OBJECTIVE
The relationship of the HLA-G gene polymorphism (rs41551813, rs12722477, rs41557518 and rs66554220), perinatal infections and smoking in the family with the risk of congenital malformations (CMs) in the fetus were studied.
MATERIAL AND METHODS
We studied 335 women with offspring’s with CMs, and 418 women with one or more healthy fetuses/children. The infectious status of women was assessed based on the data of laboratory tests: microscopic examination (detection of bacterial vaginosis and vulvovaginal candidiasis, Treponema pallidum), enzyme immunoassay and polymerase chain reaction (PCR, detection of herpes simplex virus type I and II, cytomegalovirus and etc.; Neisseria gonorrhoeae, Chlamydia trachomatis and etc.). The family smoking factor was assessed as smoking by one or both partners smoking. Typing of polymorphisms of Thr31Ser (rs41551813, HLA-G*01:03) in exon 2, Leu110Ile (rs12722477, HLA-G*01:04) and 1597 delC (rs41557518, HLA-G*01:05N) in exon 3 HLA-G genes were performed by real-time PCR followed by melting analysis.
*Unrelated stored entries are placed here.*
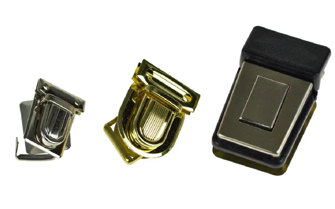 Zapínání na aktovky a brašny nabízíme v různých provedeních (zlato, stříbro, s černým plastem).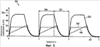фиг. 2 – графики изменения во времени молочной продуктивности коровы при доении с достаточной предварительной стимуляцией и при доении без достаточной предварительной стимуляции;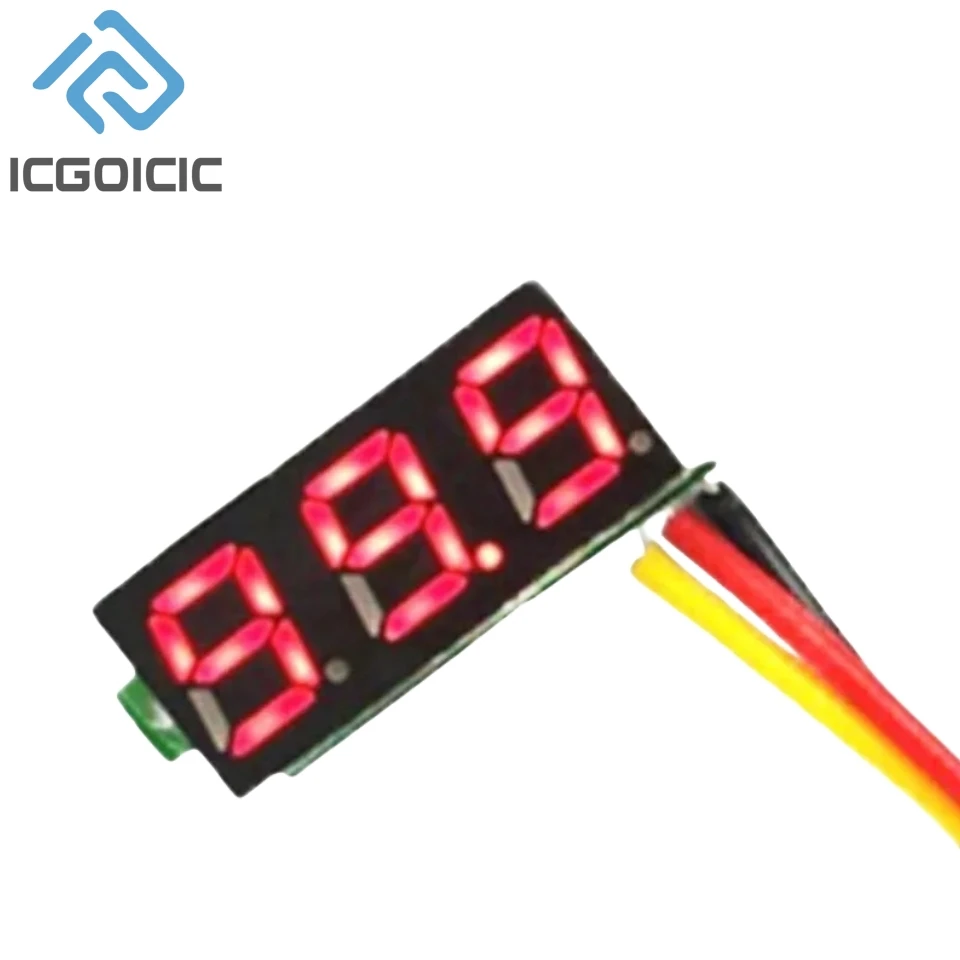 Voltímetro digital DC0-100V DC de tres cables, voltímetro digital LED de 0,28 pulgadas, color azul ajustable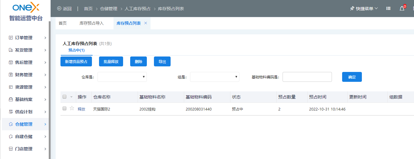 操作路径:【仓储管理】—【人工库存预占】—【库存预占列表】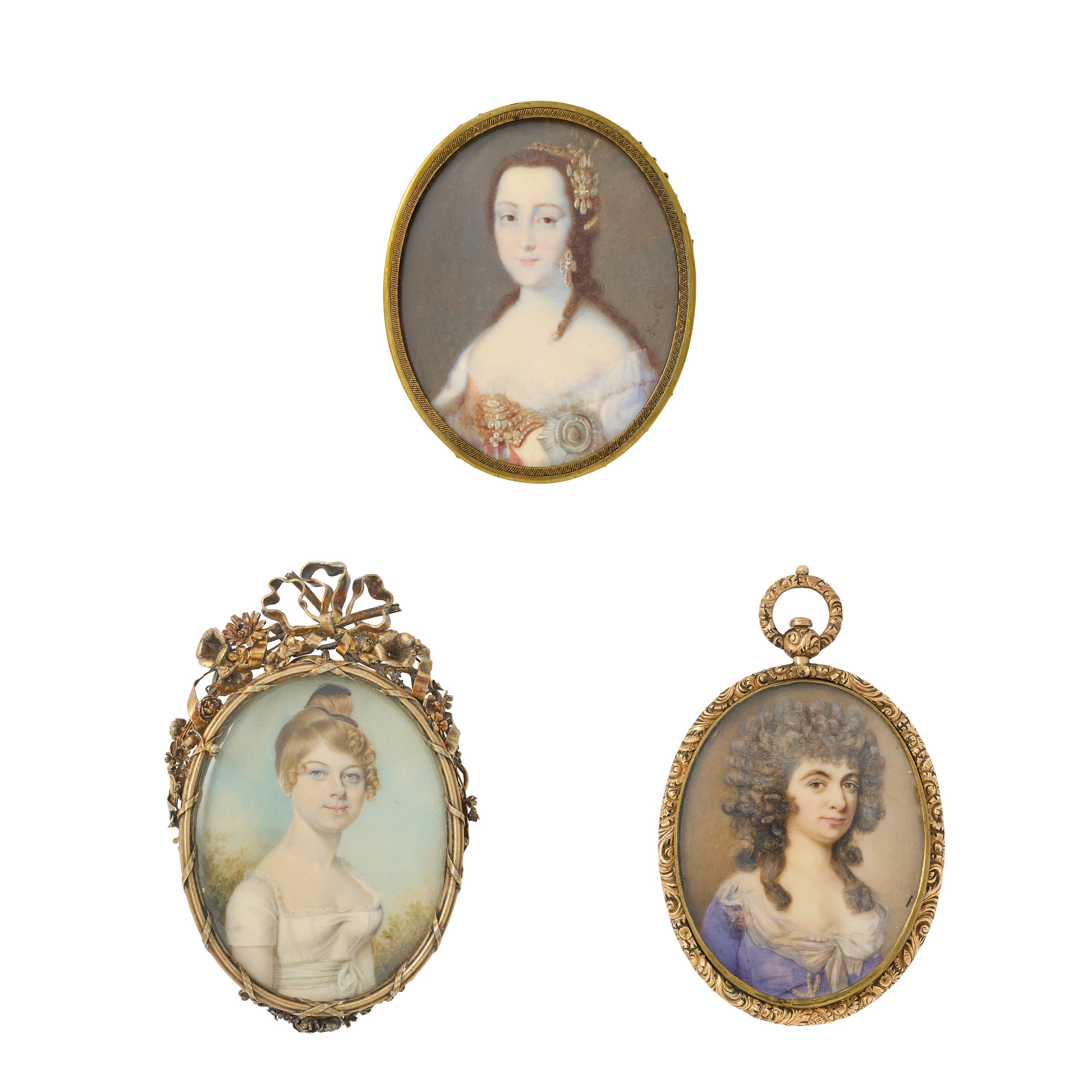 All oval, on ivory, the first sitter with powdered hair, blu...
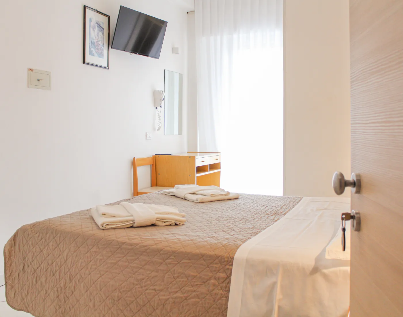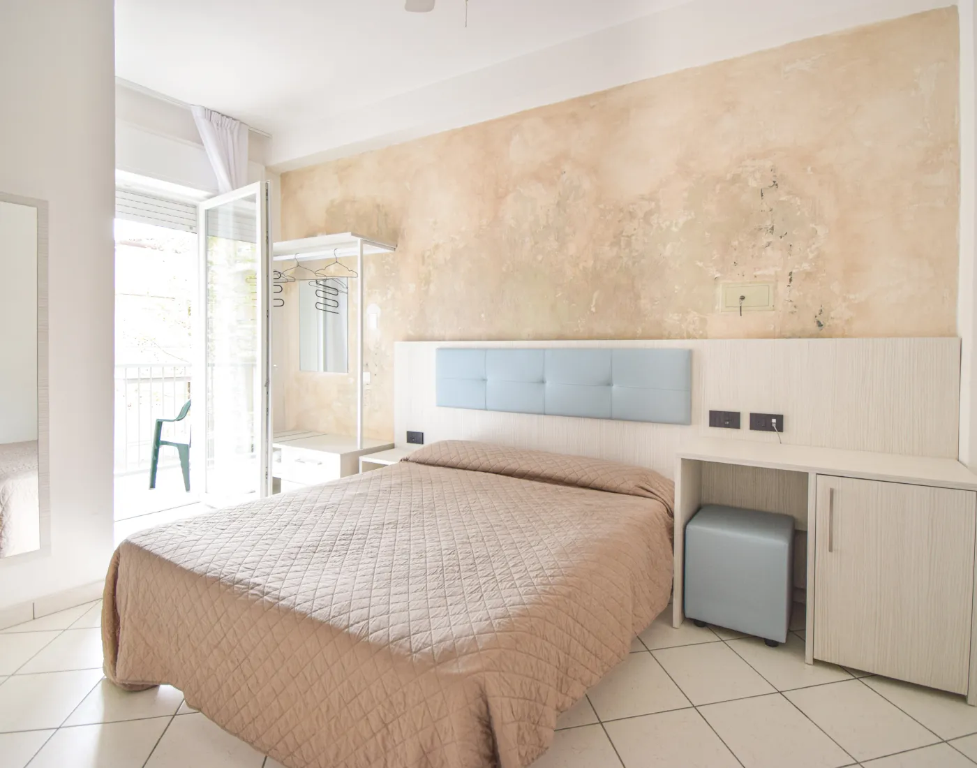 Matrimoniale StandardQueste camere sono disponibili con finestra oppure con balcone. Sono semplici e funzionali, con bagno privato, box doccia e wifi. |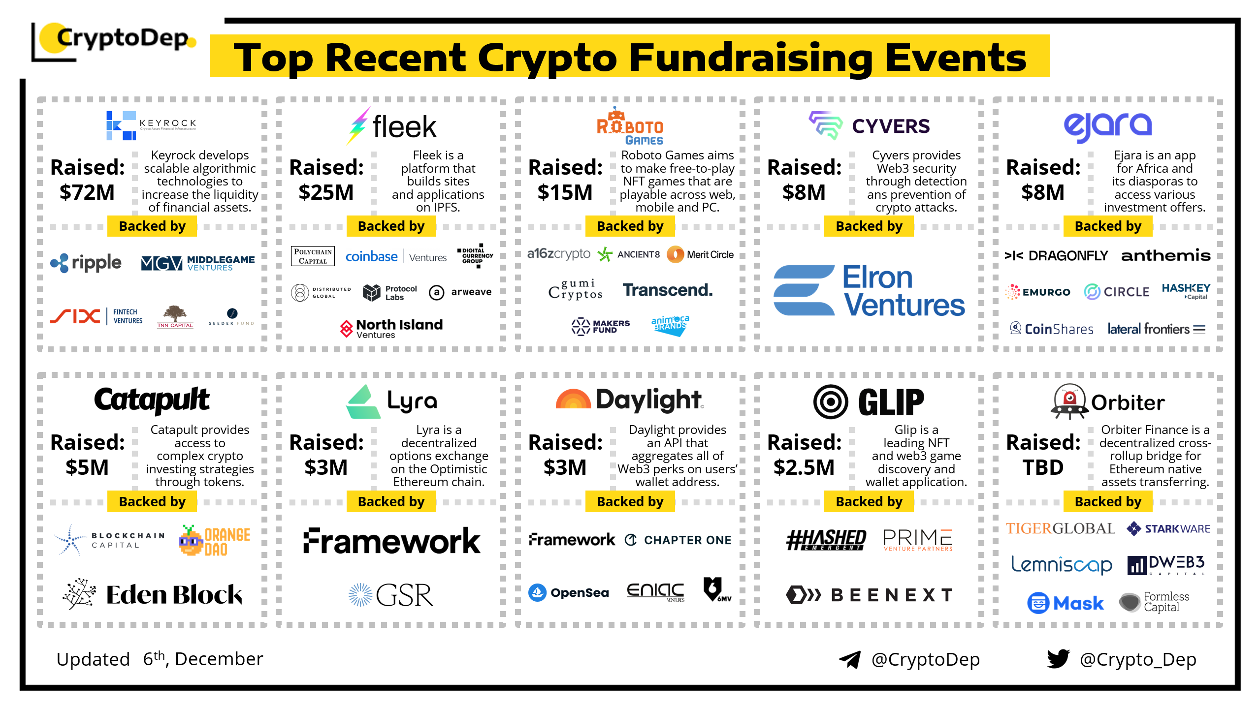 We are excited to present a list of some recent crypto fundraising events, backed by well-known investors such as a16z, Animoca Brands, Polychain Capital, Coinbase Ventures, Circle Ventures, Hashkey, Digital Currency Group, Dragonfly Capital, Hashed Emergent, Framework Ventures, Starkware, OpenSea, Blockchain Capital, Arweave and others. Let's take a look!

HLA-G 14 bp Ins/Del polymorphism (rs66554220) was detected by PCR amplification; the amplified products were run on 7% non-denaturing polyacrylamide gel electrophoresis.
RESULTS
The study showed, maternal perinatal infections (OR=1.75 [1.31—2.34]) and smoking in the family (OR=1.75 [1.31—2.34]) were the main risk factors for CMs in fetus (P<0.001). The HLA-G 110Ile allele (rs12722477, HLA-G*01:04) in mother was detected an additional risk factor of fetal CM after adjusting for perinatal infections and smoking in the family (OR=1.86 [1.13—3.05], Pc=0.03). No association of rs41551813, rs41557518 and rs66554220 gene polymorphisms with the risk of CMs in fetus was identified.
CONCLUSION
Maternal perinatal infections, smoking in the family and rs12722477 HLA-G gene polymorphism in mother may be risk factors for CMs in the fetus. Our results can be useful in understanding the molecular mechanisms of development of pathology formation in the mother-fetus system.